What are the similarities between apples and emos?
They both hang from trees.
Here’s one for the Aussies: What’s the difference between an echidna and a police car? All the pricks are on the inside.
I was doing a magic show. I tried to make a bunny disappear, but it didn’t work.
I walked outside in shame. I looked up and realised the towers had disappeared!!!!
Roses are red, violets are violet,
My dad died in 9/11, he was a great pilot!
I pushed a kid in a wheelchair and said, "Hot Wheels!"
What do you call a garage that is gay?
A gyarge.
I bet Kobe failed flying school.
If Kobe missed a shot, his helicopter will too.

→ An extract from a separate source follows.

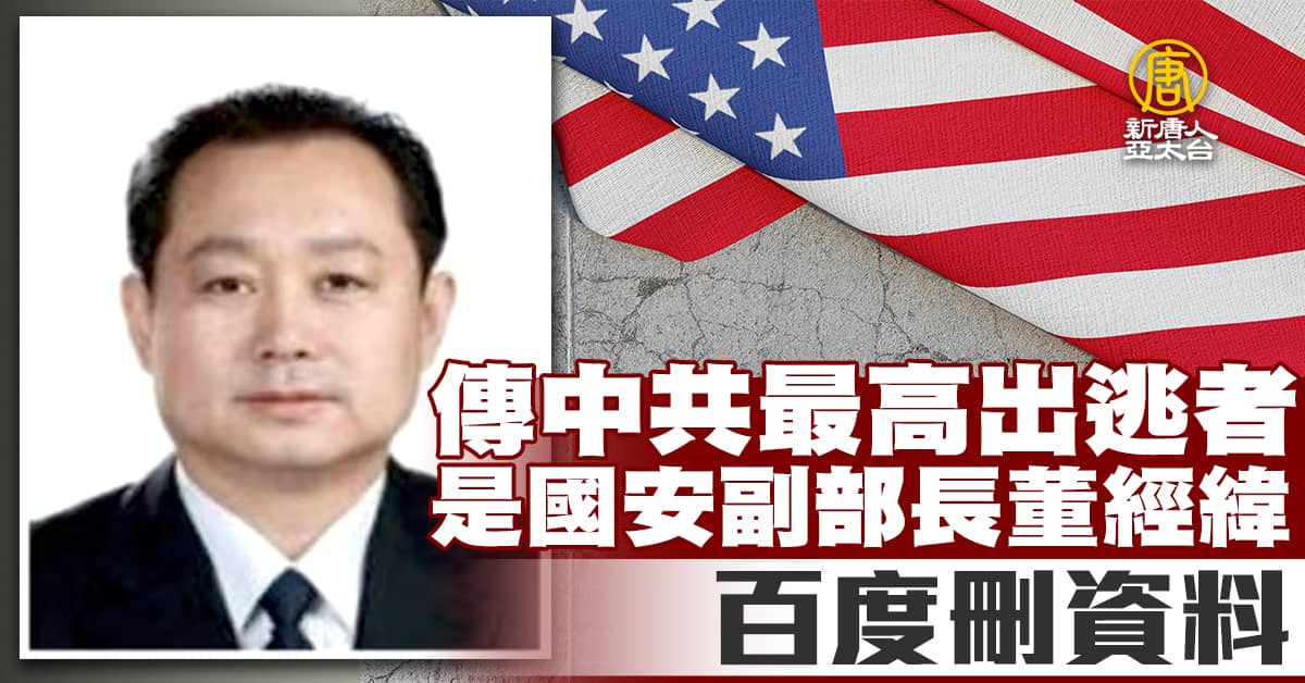 繼美國媒體披露數月前有中共高官投誠並與美國國防情報局(DIA)合作後,日前海外網絡社交平台上盛傳,中共國安部副部長董經緯因涉嫌孫立軍案出逃美國。中國百度百科上目前已清除了這位副部長的個人資料,令華人網友更加懷疑,董某就是美國媒體所披露的投誠高官。

I'm dead serious about Kobe: Kobe in heaven...
What do you say to the USA after 9/11? Checkmate.
My older sister said she was gonna shoot herself, so I did it for her.
Hey, you know what I told the kid in a wheelchair?
I told him to be a stand-up comedian!
Me: "Gift a homeless kid iPhone 7."
The kid: But it has no home button.
Me: Exactly. 💀
Wanna know why the plane actually crashed?
Someone turned off flight mode.
(Or a kid just turned on airplane mode.)
Grass.
I would make a rape joke, but I'd have to force it down your throat.
Why can’t a gay person walk a trail? Because a gay person can’t walk on a straight line.
What's an emo's favorite game?
Hangman.
Yo mama so fat that when she went to take a crap... she couldn't even take a crap!